Other recommendations include:

–          Set a minimum wage benchmark at 44 per cent of average weekly earnings ($488.90 a week) from the current 56 per cent ($622.20 a week)

–          Force those aged 22 to 30 years to relocate to areas with higher employment opportunities or risk losing access to unemployment benefits after 12 months (of being on unemployment payments)

–          Reduce and limit foreign aid to countries that are of strategic value

–          Privatisation of Australia Post, Snowy Hydro Limited, Royal Australian Mint, and NBN Co Limited (among others)

–          15,000 public service jobs cut


The Commission’s report has been labeled by some as the “austerity report” and has caused fears over the looming budget to escalate to worrying levels.

Opposition leader Bill Shorten described the report as being “written exclusively by special powerful interests.”

“This is a report written by big business for big business that will hurt hard-working families,” said Shorten.

“If he gets his way, Tony Abbott will turn the most basic things in life – education, health care, support for older Australians – into a massive everyday struggle for working families.”

The Greens have also condemned the report, with party leader Senator Christine Milne labeling the report “a call to arms that we begin the process of kicking this mob out.”

Shorten and Milne are justified in attacking the Commission and accusing Abbott and Hockey of playing ‘class warfare’– the report specifies that cuts should be felt by all Australians and not just those on low incomes, but it then makes recommendations that unfairly target the poor and disadvantaged while leaving those on higher incomes relatively unscathed.

The suggestion of reducing the minimum wage is alarming and would only further widen the income gap between low and medium-income earners.

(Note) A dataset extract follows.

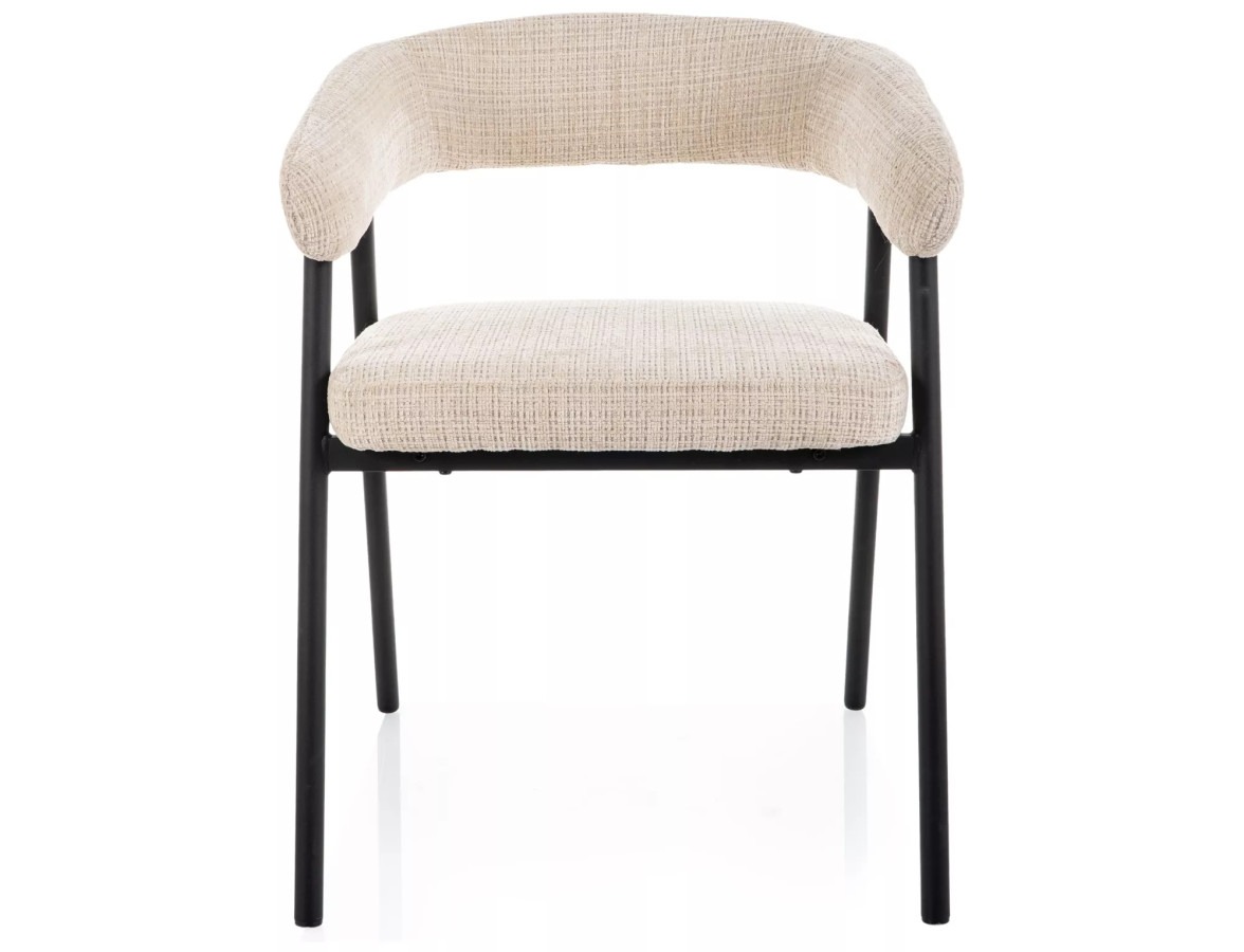 Židle KATANA je dokonalou kombinací minimalistického designu a nadčasové elegance. Její zaoblená opěrka zad s plynulými křivkami evokuje japonskou estetiku – čistotu linií, jednoduchost a preciznost. Béžový texturovaný čalouněný povrch přidává teplo a útulnost, zatímco matné černé kovové nohy dodávají celé konstrukci moderní a industriální šmrnc.

A drop in wages could also negatively impact on consumer confidence, which would eventually lead to less tax revenue for the government

Tax revenue has been a major criticism of the Commission, as that it was tasked with focusing only on government expenditure. The tax system needs to be carefully examined in order to close up revenue gaps and loopholes that are preventing the government from getting the optimal amount of money from all places.

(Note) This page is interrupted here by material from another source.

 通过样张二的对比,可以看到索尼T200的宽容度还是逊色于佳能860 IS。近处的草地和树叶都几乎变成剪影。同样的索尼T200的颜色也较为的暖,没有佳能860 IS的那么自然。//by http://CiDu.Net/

There is also the matter of privatisation – selling off public assets is seen by many economists as being only a short-term solution to fiscal problems. Privatisation could also cause the cost of some services to increase and negatively impact on ordinary Australians.

If the government is serious about tackling the budget deficit, then it needs to rethink its position on a matter of policies. The carbon tax (possibly as an emissions trading scheme in the future), along with the profitable Clean Energy Finance Corporation, must be kept intact and the Direct Action policy must be shelved – it makes no economic or environmental sense to pay, instead of tax, big polluters. The Minerals Resource Rent Tax must be strengthened, not scrapped, in order to capitalise on whatever is left of the mining boom. And a levy on the big banks must also be considered in order to secure money as a buffer in case of another financial crisis.